Re: Hadoop, pig, dynamical systems tools

Hi Brenda,

David Donoho has an extensive critical review of big data techniques in
http://courses.csail.mit.edu/18.337/2015/docs/50YearsDataScience.pdf

But I'd like to learn about HADOOP from your direct encounter, and understand how you think we can use such big data mining techniques to multi-dimensional activity / ensemble-body / gesture tracking.  It may be good to talk with Qiao to get his opinion on things.  I trust his scientific judgment most ...
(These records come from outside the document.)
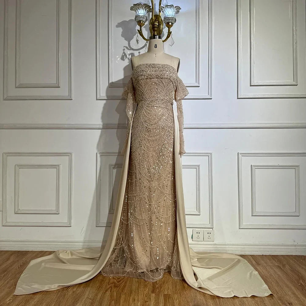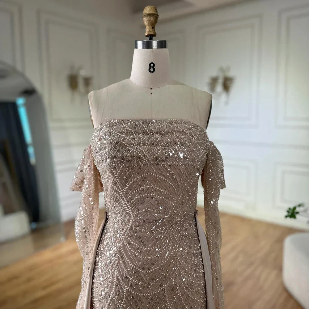 Vestido de noche de sirena con perlas color nude, estilo árabe, con sobrefalda, ideal para ocasiones formales (LA72160B)
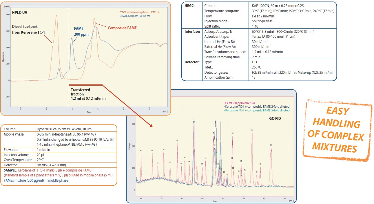 The potential of KONIK K2 HPLC+GC-FID system to determine FAMEs in aviation kerosene samples is presented. The isolation of the diesel fuel (hydrocarbons) from FAME compounds in aviation kerosene is achieved using NPLC-UV system with a Hypersil Si 25 cm x 0.46 mm, 10 pm column and a heptane: MTBE gradient mobile phase. The HPLC+GC-FID system is applied to the analysis of aviation fuel samples to obtain GC chromatograms for the identification of FAMEs >C8 without the presence of interferences of hydrocarbons from matrix. The HPLC+GC-FID system can be also be coupled to KONIK MS Q12 for the unequivocal identification of compounds as a good alternative for the analysis of biodiesel-petrodiesel blends with full automatization of method.
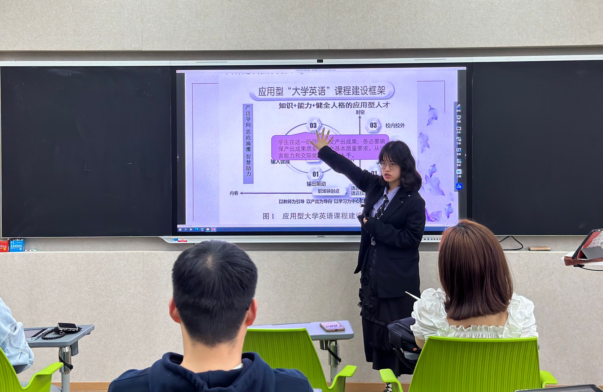 随后,黎美茜老师以英语课堂为例,分享了以“产出导向法”为基础来设计课程的理念与实践。在英语课程设计时,采用“产出导向法” 的“输出驱动—输入促成—产出评价—内化提升” 教学模式,突出“以教师为引导,以产出为导向,以学习为中心,以学用为核心”的理念。黎老师建议,在通识课程的行课过程中,要让学生带着问题来到课堂,以解决问题为导向引领学生沉浸在课堂学习之中,并带着新的问题离开课堂,课后再度深层次思考,从而达到内化提升。在备课时,教师应将精力汇聚在收集教学资源、整合教学内容上,结合教学目标,巧妙设置每堂课程的课前任务,结合时事精心设计教学内容,激发学生思考,培养学生课后学习的主动性、持续性。在输入促成阶段,教师应充分发挥中介作用,引导学生选取合适的输入材料进行学习;以语言知识和语言技能为核心,恰当融入思政元素进而反映情感态度与价值观;结合实际,适当融入职场英语。如此,整个教学流程将形成良性循环的闭环。除此之外,黎老师认为各位老师需要意识到,学生对于一门课程的学习并不终止于课下响铃,而是起始于他们在课堂上与教师交流、思想碰撞之间。我们教师需要做的就是推进这个进程。
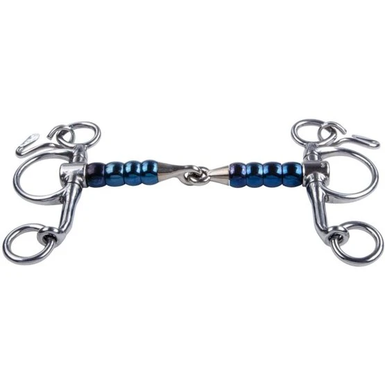 Das Cherry Roller Mundstück besteht aus losen Rollen. Diese Rollen verhindern, dass das Pferd das Gebiss festhält. Darüber hinaus kann es die Zungenaktivität stimulieren, wodurch mehr Speichel produziert wird und die Kiefer entspannen. Dieses Gebiss ist ideal für Pferde, die das Gebiss festhalten oder Schwierigkeiten haben, sich zu konzentrieren.
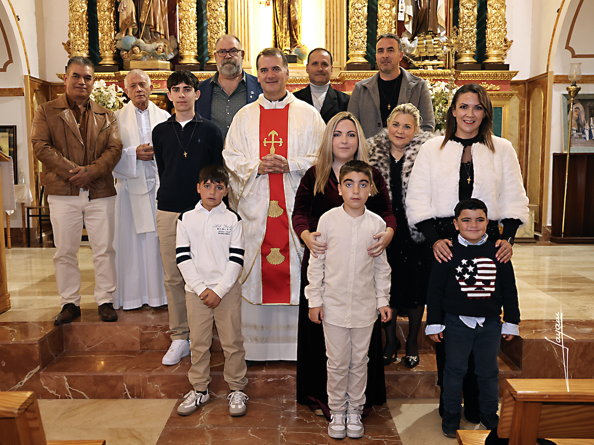 Grupo de jóvenes (con sus padres) que se han confirmado en la religión católica en durante el acto celebrado en la iglesia de Santiago Apóstol de Portmán, que fue oficiado por Manuel Verdú, vicario episcopal del Campo de Cartagena, quien estuvo acompañado por el párroco, Andrés Vera.
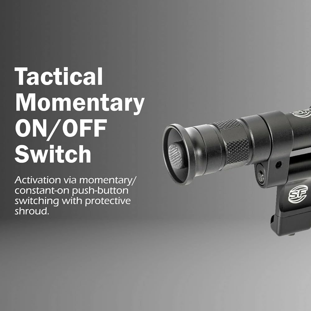 MOMENTARY TACTICAL SWITCH: Activation via momentary/constant-on push-button switching with protective shroud
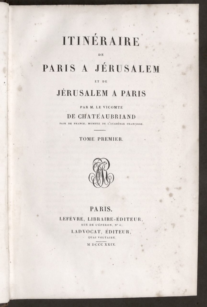 De Chateaubriand - Itinéraire de Paris a Jérusalem et de Jérusalem a Paris 1829 | Rare and modern books |
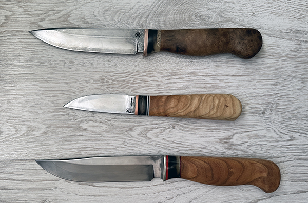 Клинок от Игоря Пампухи. Рукоять - хз что за дерево, но прочное, как чёрт-те что (источник - мастерская АРМЗ, кто в теме, тот поймёт), больстер - белый металл и рог сибирского козерога.
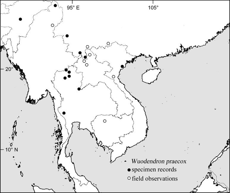分歧时间估算结果表明征镒木属与其姐妹群分支的分歧发生在中新世14–12 Ma, 为北方森林之后的扩散与隔离导致植物类群在热带大洲间的间断分布格局形成提供了一个新的实例。此外,基于广泛的标本查阅及野外考察工作发现该新属分布不局限于中国,而是广布于印度-缅甸生物多样性热点地区(Indo-Burma hotspot) (图3)。然而尽管其分布范围广,各地区均观测到其种群个体数量急剧减少,尤其上世纪八九十年代被大量砍伐,其生存繁衍也因热带雨林生境的破坏受到严重威胁 。根据IUCN濒危物种红皮书标准,将其评估为濒危 (Endangered, En)
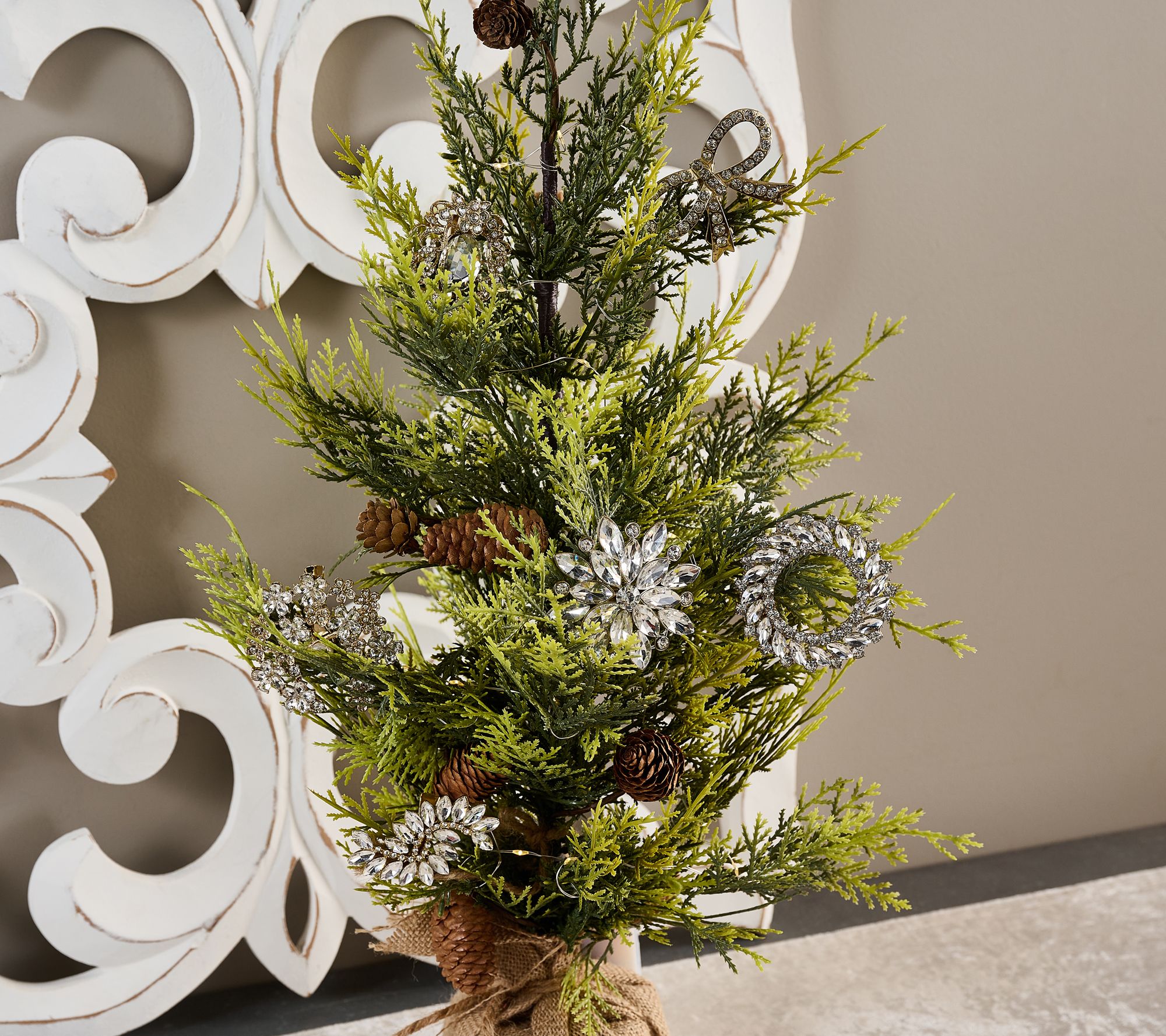 • Includes six mini broach tree clips: one each of bow shape, flower burst, oval burst with drop crystal, closed wreath, fern leaf, and open base wreath with faux pearl
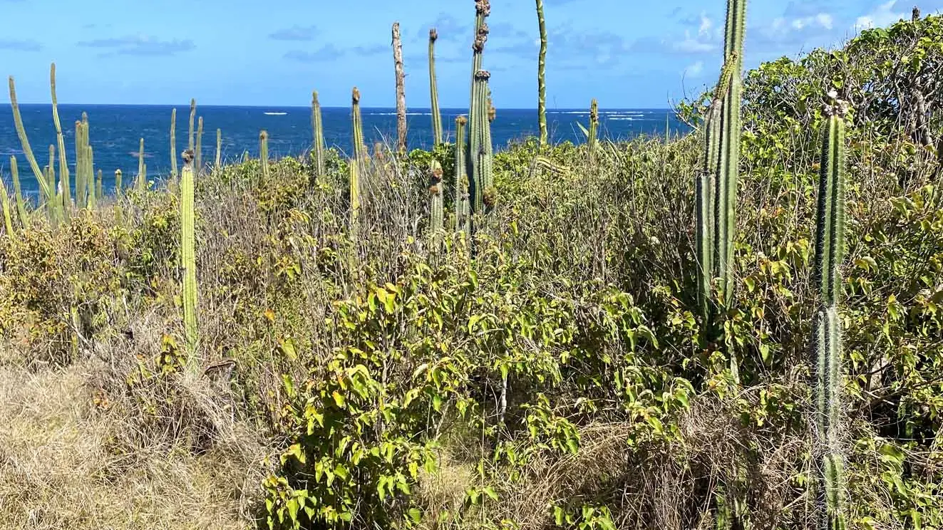 A la croisée, prenez le chemin à droite (7), descendez et traversez une forêt de cactus qui arrive à la pointe du Vauclin (8).
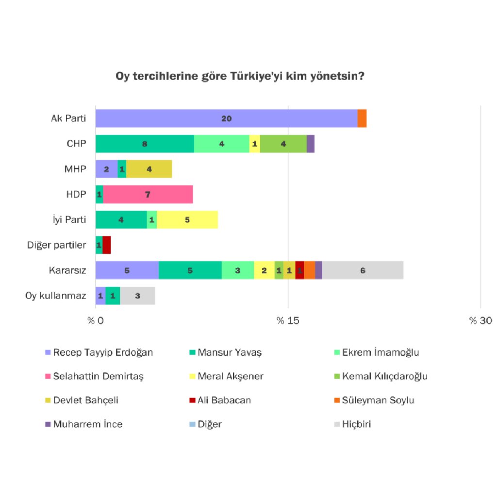 Bölümde, seçmenlerin güncel oy tercihleri, Erdoğan’ın seçilmesi durumuna dair beklentileri, ekonomik krizden çıkış konusunda Erdoğan’a duyulan güven ve oy vermekten vazgeçilmeyecek partilere yönelik sadakat düzeyleri inceleniyor:Bugün seçim olsa oyunuzu hangi partiye verirsiniz? (doğrudan tercih ve kararsızlar dağıtılmış) Önümüzdeki Cumhurbaşkanlığı seçimini Recep Tayy
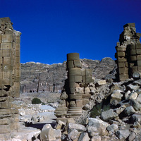 Jordan. Petra, looking through Triumphal Arch down Colonnaded street toward Royal Tombs
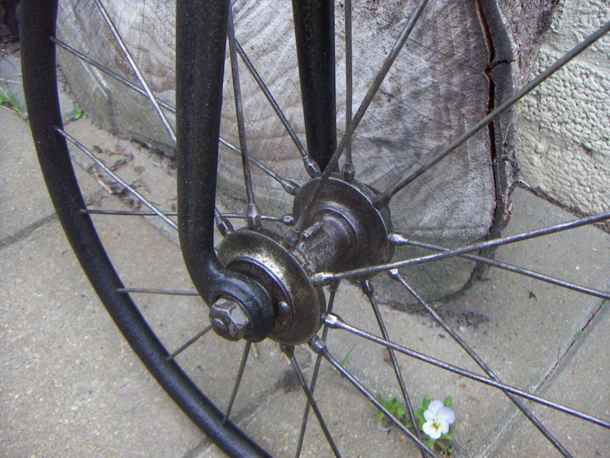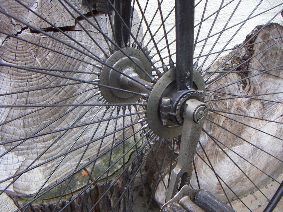 If one crosses your way one day (which is possible because they were very successful and quite a number have survived) it should be easy recognisable. The brake lever is typical for CMC and look at the short story written on the hub flange. But watch out: these marvellous bikes were built under license, for instance by Seidel & Naumann, Opel, Heinrich Kleyer (the later 'Adler' brand) and Peugeot, which gave it the name 'Le Français'. Thanks Maarten Waarlé for the pictures of this bicycle.
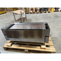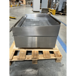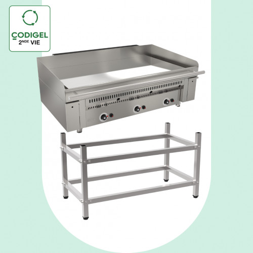 Plaque au chrome gaz haut rendement - Zone de chauffe : 900x500 - 3 zones de cuisson - Puissance : 33 kW - Carrosserie entièrement inox 18/10 - Plancha lisse ou rainurée (option, en standard à droite) - Partie supérieure en alliage d'acier en finition acier rectifié miroir de 18mm d'épaisseur recouvert d'une couche de chrome dur 50 microns - Vanne thermostatique indépendante par zone capables d'atteindre 290°C - Régulation par valve thermostatique avec contrôle de flamme par thermo-couple et allumage par piezzo électrique - Brûleurs en fonte - 1 tiroir à graisse en façade avec une capacité de 5 litres
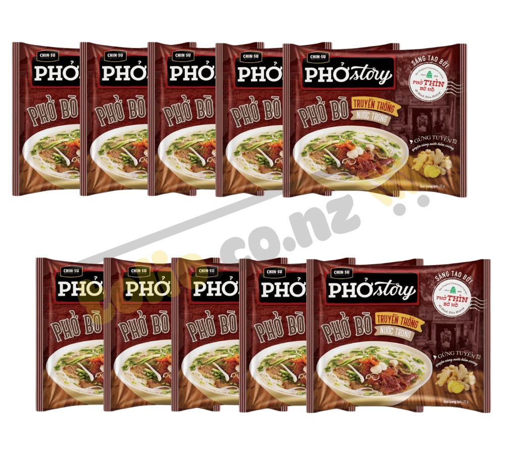 Set 10 gói phở Bò Chinsu Story 72g mang hương vị phở miền Nam, với nước dùng đậm đà từ xương, thơm mùi bò, mang lại món ngon đậm vị khó cưỡng.
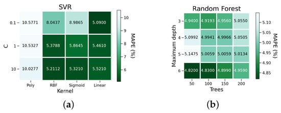 MAPE grid search result for (a) SVR and (b) Random Forest.

And here's a curnudgeonly rant:

Glad to see you working thru all this,
Xin Wei

On Aug 8, 2016, at 8:40 PM, Brenda McCaffrey <brendamc@asu.edu> wrote:

Hi Xin Wei and friends,

Quick update:

*  Thanks to Connor for helping me get much of the Java script working within Eclipse.
*  I'm meeting with Mike K. tomorrow morning at 10am to look at the code.
*  I'm learning more about Hadoop and Apache Pig and it may be very exciting for us, although I have yet to find anyone in our realm who has knowledge of it.  Here are a few things I've learned:
  • Hadoop is an open source data management system that evolved from Google's behavioral search system about 10 years ago.
  • Hadoop is used by Amazon, Yahoo, Facebook and others to track and manage behavioral data.  For example, that's how Facebook knows where you move your mouse.
  • Hadoop allows massively parallel processing of large data sets.  It can be set up on unlimited low-cost computers to run infinitely parallel.
  • Apache Pig is a scripting language that manages Hadoop queries.
Apparently, Hadoop and Pig are primarily used in business systems.  The gentleman who wrote these dynamical systems codes (Jacob Perkins when he was at UT Austin), did so to demonstrate that one could solve complex scientific problems without massive data sets by using parallel processing.  Eureka!

I continue to be intrigued by this approach since it implies to me that we may be able to solve very complex, real-time dynamical systems problems by using relatively simple parallel computing frameworks in conjunction with Java.

I'm going to get the fundamental Java to work (I hope) to demonstrate it's functionality, but the real power of these programs is the ability to slice the simulations into partitions that can be evaluated in parallel to converge on the regions of interest.  This could be especially useful for time-domain data coming in from complex systems for which we don't know the closed form analytical models.  (Video?)

These are my thoughts for now.  I'm not a CS person so I may be completely in left field about this, but it looks promising.

Thanks for listening.
-Brenda


On Sun, Aug 7, 2016 at 4:10 AM, <shaxinwei@gmail.com> wrote:

Dr Brenda McCaffrey, PhD researcher at Synthesis, is working on a project to develop some dynamical system based tools for modeling human movement.

Can anyone help with the following query:

I’m converging on an approach for Java simulation of Lyapunov exponents based on an amazing set of programs created by a gentleman named Jacob Perkins (https://github.com/thedatachef/sounder/tree/master/udf/src/main/java/sounder/pig/chaos) that he developed using the Sprott algorithm.  This is really deep stuff and uses Hadoop and pig as well as Java.  Do we have resources in these areas?  A couple of hours with an expert would change my life!

Xin Wei